Jiri Slaby <[email protected]> writes:

>> Jiri Slaby <[email protected]> writes:
>>
>> > Could you test the patch below, if something changes?
>>
>> Just tested with low_latency commented out. Still oopses:
>>
>> BUG: unable to handle kernel NULL pointer dereference at virtual address 00000008
>> printing eip:
>> f8f1730f
>> *pde = 00000000
>> Oops: 0000 [#1]
>> SMP
>> Modules linked in: nvidia agpgart ipv6 nfs lockd nfs_acl sunrpc dm_mod sr_mod sbp2 ieee1394 ide_generic ide_disk e1000 snd_hda_intel snd_hda_codec snd_pcm_oss snd_mixer_oss snd_pcm snd_timer i2c_i801 tsdev psmouse snd soundcore snd_page_alloc i2c_core serio_raw parport_pc parport mxser_new evdev floppy pcspkr rtc ext3 jbd mbcache usb_storage usbhid ide_cd cdrom sd_mod uhci_hcd piix usbcore skge ata_piix libata scsi_mod generic ide_core thermal processor fan
>> CPU: 0
>> EIP: 0060:[<f8f1730f>] Tainted: P VLI
>> EFLAGS: 00010046 (2.6.18-3-686 #1)
>> EIP is at mxser_receive_chars+0x21b/0x249 [mxser_new]
>
> Yes, port->tty still somewhere becomes NULL -- does this patch help?
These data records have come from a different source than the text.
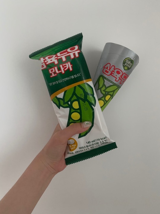 전 콘보다 모나카! 원래 모나카 아이스크림을 좋아하기도 하구요. 역시나 두유맛은 희미합니다..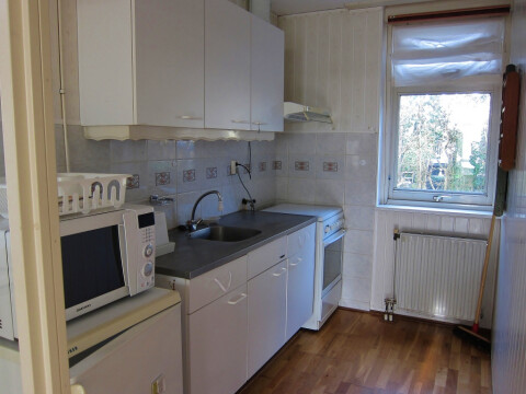 Grote L- Vormige kamer met tuin en ruime keuken - fornuis/koelkast in rustige groene buurt. (32 m2) voor rustige studente.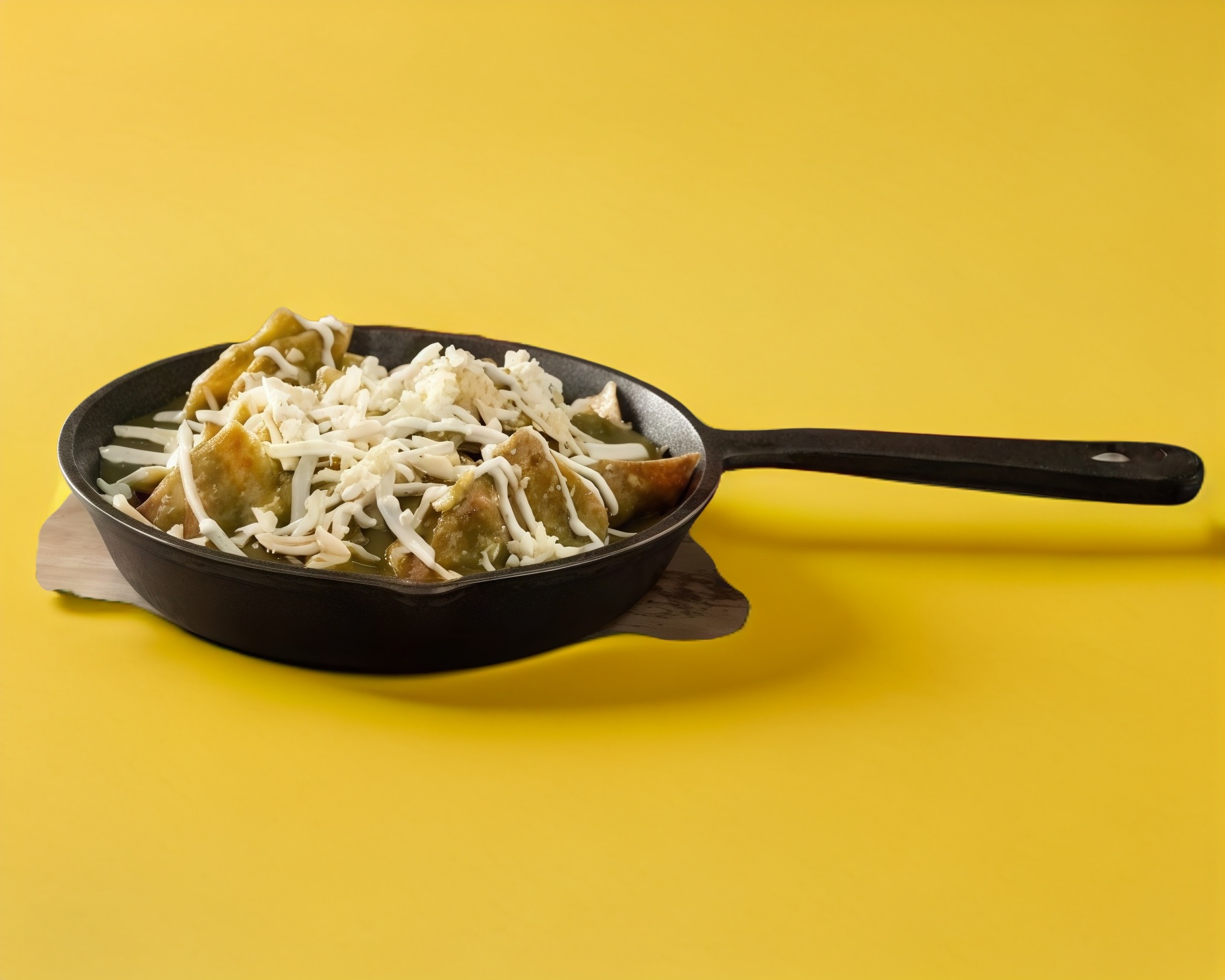 Sabrosos y jugosos chilaquiles en salsa roja o verde con pollo, crema, queso fresco y frijoles fritos. Incluye: 1 taza de cafe de su eleccion.

In addition to my previous answer. I've performed the same tests with
regular PC serial port. The issues with "Disabling Irq #N" and with I/O
error on open() exist with this port as well, so they aren't
mxser-specific. I wasn't able to reproduce oopses, so they do seem to
be mxser-specific.

-- Sergei.

2006-12-28 17:15:05

by Sergei Organov

[permalink] [raw]
Subject: Re: moxa serial driver testing

Jiri Slaby <[email protected]> writes:

>> Jiri Slaby <[email protected]> writes:
>>
>> > Could you test the patch below, if something changes?
>>
>> Just tested with low_latency commented out. Still oopses:
>>
>> BUG: unable to handle kernel NULL pointer dereference at virtual address 00000008
>> printing eip:
>> f8f1730f
>> *pde = 00000000
>> Oops: 0000 [#1]
>> SMP
>> Modules linked in: ...
>> CPU: 0
>> EIP: 0060:[<f8f1730f>] Tainted: P VLI
>> EFLAGS: 00010046 (2.6.18-3-686 #1)
>> EIP is at mxser_receive_chars+0x21b/0x249 [mxser_new]
>
> Yes, port->tty still somewhere becomes NULL -- does this patch help?

Hi, Jiri!

I'm so sorry, I don't know what I smoked yesterday, but the latest
version you've sent me does not have this problem anymore! I think I
copied compiled module to modules directory for different kernel and
thus tested old code all the time. BTW, should you tell me that the
ports are now called /dev/ttyMIx instead of /dev/ttyMx, I think I'd
notice my mistake earlier. Yes, in fact I didn't test any version where
ports are called /dev/ttyMIx until now! In particular, it means that
maybe some of the recent changes you've made yesterday based on my wrong
reports are not in fact required.

Anyway, the only mxser-specific problem that currently remains for
me and that I didn't see before, is the following:

# rmmod mxser_new
Trying to free already-free IRQ 58
Trying to free nonexistent resource <0000000000009000-000000000000903f>
Trying to free nonexistent resource <0000000000008800-0000000000008800>
#

-- Sergei.

2006-12-28 23:31:32

by Jiri Slaby

[permalink] [raw]
Subject: Re: moxa serial driver testing

Sergei Organov wrote:
> Hi, Jiri!

Hi.

> I'm so sorry, I don't know what I smoked yesterday, but the latest
> version you've sent me does not have this problem anymore! I think I

YES!

> copied compiled module to modules directory for different kernel and
> thus tested old code all the time. BTW, should you tell me that the
> ports are now called /dev/ttyMIx instead of /dev/ttyMx, I think I'd

ttyM was reserved for isicom, and it caused many warnings in the kernel, when
both isicom and mxser were built and loaded. The proper name for mxser is (and
ever was) ttyMI -- sorry for not giving you a notice (I didn't realize the change).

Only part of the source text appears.